Tindakan destruktif dalam demo bukan cuma amarah. Ia juga ekstasi. Sebuah pelepasan. Energi yang ditahan terlalu lama—oleh upah murah, biaya hidup yang gila, tekanan mental, rutinitas kota yang bikin napas megap-megap—akhirnya meledak.

Pengalaman Puncak: Ketika Semua Batas Jebol

Bataille menyebut ini sebagai sovereign experience—pengalaman puncak, momen ketika manusia keluar dari logika kerja dan masa depan. Gak pikir besok. Gak pikir cicilan. Cuma hidup di detik itu, di momen itu, dengan segenap tubuh dan teriakan.

Dalam seks, tawa, ekstasi religius—semuanya bikin kita lupa siapa kita dalam sistem. Sama halnya dengan kekerasan dalam demo. Melempar batu ke jendela gedung parlemen, membakar foto presiden, semua itu bukan sekadar aksi. Itu pengalaman, momen ketika batas antara diri dan dunia jadi cair. Dan di situ, kebebasan muncul dalam bentuk yang paling mentah.

Kita terlalu lama hidup dalam dunia yang nyuruh kita sabar. Sabar kerja. Sabar antre. Sabar kalau tanah digusur. Sabar kalau hutan dibabat. Tapi ada kondisi ketika tubuh gak bisa sabar lagi. Dan begitu semua jebolan, ledakannya gak selalu bisa dijelaskan.

Bukan Strategi, Tapi Pengalaman

Mungkin lo bilang: kekerasan gak menyelesaikan apa-apa. Bangunan terbakar, terus kenapa? Aturan gak berubah juga. Tapi Bataille gak melihat itu dari kacamata efektivitas politik. Buat dia, nilai kekerasan ada pada pengalaman transgresifnya.

Bayangin: seumur hidup lo taat aturan. Duduk di sekolah, tunduk pada bos, patuh sama negara. Lalu, di tengah demo, lo berdiri di depan simbol kekuasaan—dan lo hancurkan itu. Dalam satu lemparan, bukan cuma kaca yang pecah, tapi juga ilusi bahwa dunia ini tak terganggu gugat.

Itu bukan vandalisme. Itu pembebasan.

Ketika Hidup Terasa Seperti Mesin

Kenapa kekerasan muncul? Karena hidup kita makin lama makin mirip mesin. Bangun, kerja, makan, tidur. Terus berulang. Jean-Paul Sartre menyebut ini sebagai nausea—mual eksistensial. Lo ngerasa hidup lo gak ke mana-mana. Gak nyambung sama apa-apa.

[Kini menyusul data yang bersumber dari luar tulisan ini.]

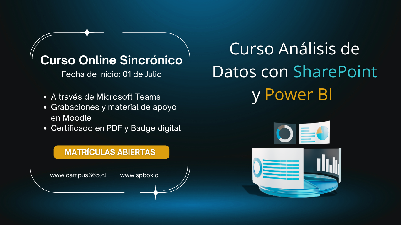 Campus 365 y SPBox informan que este martes 01 de julio inicia oficialmente el curso “Análisis de Datos con SharePoint y Power BI”, en modalidad online y en vivo, con sesiones los martes y jueves de 19:00 a 22:00 hrs (Chile).

Dalam kondisi itu, dorongan buat ngerusak bukan cuma soal politik, tapi soal bertahan. Untuk tetap waras, seseorang kadang butuh bikin keributan, butuh ngerasain intensitas. Bahkan kalau itu datang dari pecahan kaca atau asap terbakar.

Apakah ini pilihan atau keputusasaan?

Di sini kita perlu tanya: apakah kekerasan ini kita pilih, atau kita dipaksa? Apakah negara, dengan represi dan ketidakpeduliannya, bikin rakyat gak punya jalan lain selain ngamuk?

Kalau semua ruang ekspresi ditutup, kalau suara-suara dibungkam, kalau aturan cuma jadi alat buat jaga status quo, maka kehancuran bukan lagi pilihan sadar. Ia jadi keniscayaan.

Dan ketika itu terjadi, jangan salahkan mereka yang melempar batu. Salahkan sistem yang bikin mereka gak punya pilihan selain melawan.

Penutup

Dalam kaca mata Bataille, kekerasan dalam demonstrasi bukan soal benar atau salah. Ia soal hasrat, pelepasan, dan pengalaman menjadi manusia seutuhnya—bukan bagian dari mesin. Ketika negara jadi tuli, hukum jadi alat represi, dan hidup jadi monoton, maka kehancuran jadi bentuk bahasa paling jujur.

Bukan karena kita gila. Tapi karena kita akhirnya ingin merasa hidup.